File metadata and controls

111 lines (86 loc) · 5.24 KB

alts

( 🎙️ listens | 💭 thinks | 🔊 speaks )


💬 about

100% free, local and offline assistant with speech recognition and talk-back functionalities.

🤖 default usage

ALTS runs in the background and waits for you to press cmd+esc (or win+esc).

  • 🎙️ While holding the hotkey, your voice will be recorded (saves in the project root).
  • 💭 On release, the recording stops and a transcript is sent to the LLM (the recording is deleted).
  • 🔊 The LLM responses then get synthesized and played back to you (also shown as desktop notifications).

You can modify the hotkey combination and other settings in your config.yaml.

ALL processes are local and NONE of your recordings or queries leave your environment; the recordings are deleted as soon as they are used; it's ALL PRIVATE by default

⚙️ pre-requisites

  • python

    (tested on) version >=3.11 on macOS and version >=3.8 on windows

  • llm

    By default, the project is configured to work with Ollama, running the stablelm2 model (a very tiny and quick model). This setup makes the whole system completely free to run locally and great for low resource machines.

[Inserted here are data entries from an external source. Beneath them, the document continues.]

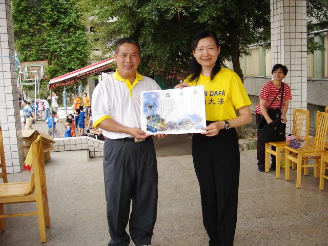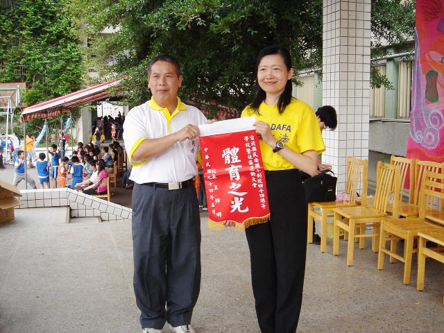 学员们热心的积极参与,表演中,校长和家长会会长也跟着学炼功法,表演结束后校方颁发一面锦旗给法轮功团体,而同修也回赠真善忍海报给校方,热闹的校庆在气氛欢愉中顺利落幕,将法轮大法的美好带给了学校。
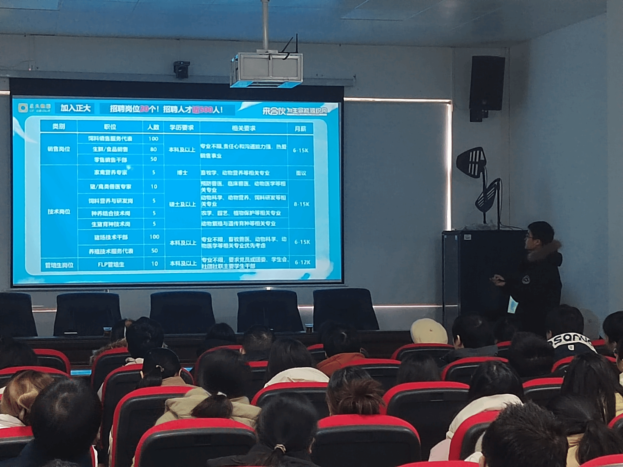 招聘会正式开始前,正大饲料(衡阳)有限公司负责人喻经理为毕业生进行了一个小型宣讲会。会上,他不仅为毕业生详细介绍了正大集团的企业文化和发展需求,还为毕业生介绍了此次招聘会提供的岗位要求等,让同学们对此次招聘会有了更深入的了解。本次招聘会吸引了18家用人单位前来设摊招聘,提供了各科教师、销售、环保咨询工程师、技术研发等250多个就业岗位,为毕业生提供了丰富的就业选择。
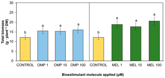 Effect of foliar application of omeprazole (OMP) and melatonin (MEL) at doses of 1, 10, and 100 µM on total biomass accumulation in green bean plants cv. Strike. Means with equal letters do not differ according to LSD test (p < 0.05).
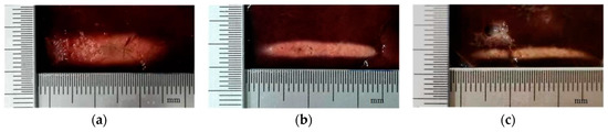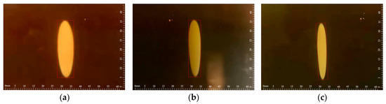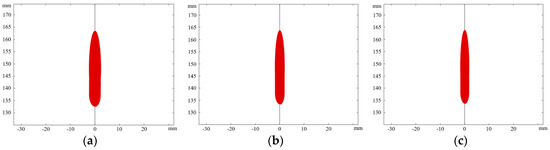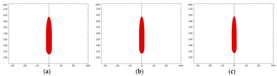 BFRs of phantom after ultrasonication with different combinations of acoustic power and time: (a) 25 W × 449 s, (b) 50 W × 58 s, (c) 75 W × 19 s. It could be seen from Figure 9 that in the phantom experiment, HIFU needed 448 s to induce a BFR with a length of 31.58 mm with an acoustic power of 25 W, and this BFR’s width was 9.17 mm, and the axis length ratio was 3.45, which was far from the axis length ratio of the AFR. The axis length ratio was 5.97 with an acoustic power of 75 W, and the shape of the BFR was closer to that of the AFR, and the exposure energy required was reduced by 87.38%.
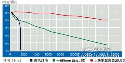 現(xiàn)在有的商家,為了降低成本,就采用幾百只φ5的小功率LED。然而這種小功率的LED的光衰是非常嚴(yán)重的,按照其光衰至80%的壽命只有1000小時(shí)。所以,作為需要長(zhǎng)期使用的路燈是絕對(duì)不能允許采用這種小功率LED的。作為大功率LED,其光衰就要好很多。然而國(guó)內(nèi)不少?gòu)S家也還是只能做到10000小時(shí)下降10%。遠(yuǎn)遠(yuǎn)不能滿(mǎn)足使用要求。

    However, we use LiteLLM in order to be provider agnostic, so you have full freedom to pick and choose your own combinations. Take a look at the supported Models/Providers for more details on LLM configuration.

    See .env.template and config-template.yaml for customizing your setup

  • stt

    We use openAI's whisper to transcribe your voice queries. It's a general-purpose speech recognition model.

    You will need to have ffmepg installed in your environment, you can download it from the official site.

    Make sure to check out their setup docs, for any other requirement.

    if you stumble into errors, one reason could be the model not downloading automatically. If that's the case you can run a whisper example transcription in your terminal (see examples) or manually download it and place the model-file in the correct folder

  • tts

    We use coqui-TTS for ALTS to talk-back to you. It's a library for advanced Text-to-Speech generation.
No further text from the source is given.